The last months have been marked by a new law modifying and dusting off the law 1338 on financial activities voted in 2007. Magali VERCESI, Secretary General of the CCAF, details its effects.

What are the main changes brought about by this law?

Law 1515 concerns the activities subject to the supervision of the CCAF, introducing changes to the nature of the approvals and to the role and functioning of the Commission. It strengthens the independence of the Commission, while increasing its investigative powers.

The new text clarifies our competence to modify and revoke authorizations, to supervise the activities of custody or administration of financial instruments, to protect and inform investors.
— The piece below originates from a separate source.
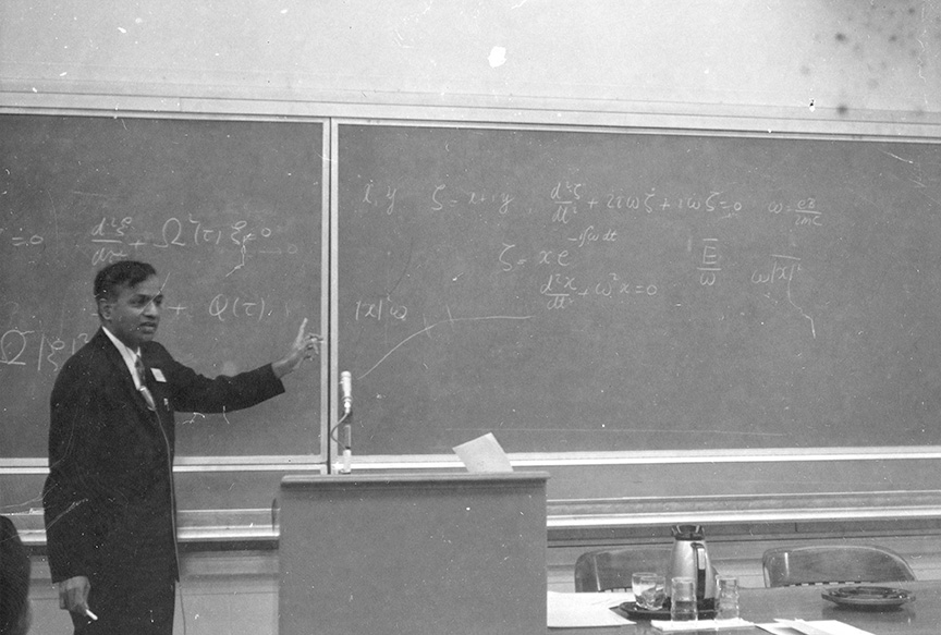 Subrahmanyan Chandrasekhar lecturing at a blackboard. Photo Credit: AIP Emilio Segrè Visual Archives, Physics Today Collection

It is also mentioned that the CCAF participates in the proper functioning of the financial markets through the agreements concluded with foreign authorities. The new text clarifies the purpose of the controls carried out by the CCAF and its role in investigations at the request of foreign authorities.

For example, it is now possible for us to investigate unlicensed companies if certain market transactions attract the attention of regulators.

And what about approval procedures?

They have also changed: the incompatibility that existed between the activities of management of funds under Monegasque law and the reception and transmission of orders, the execution of orders on behalf of third parties and trading for own account has been removed. The condition of sufficient financial guarantee has been specified.

The time limits for the processing of approval files have also been modified ?

The time limit for the processing of an approval file by the CCAF remains 6 months for a complete file. But from now on, it expires on the date on which the CCAF decides on the file, and no longer on the date on which the CCAF informs the company. In addition, in case of modification of one or several characteristic elements of the approval file, a prior authorization of the CCAF is now required instead of a communication without delay previously.

Are there any changes in terms of withdrawal of approval?

We no longer speak of withdrawal, but of revocation of accreditation; understood in the broadest sense, this also covers withdrawals outside the sanction procedure. I would like to point out that in 2021, we approved three companies, and 4 in the first half of 2022, which is a sign of the good health of the market.

The CCAF wishes to join the International Organization of Securities Commissions (IOSCO)

CCAF has been an associate member of IOSCO since 2018. The process of obtaining ordinary membership is ongoing. The passage of the new law has allowed us to resume the membership procedure, which requires the signing of a multilateral cooperation agreement, hence the expansion of our investigative powers. We hope to obtain ordinary membership in 2022, or at the latest in 2023.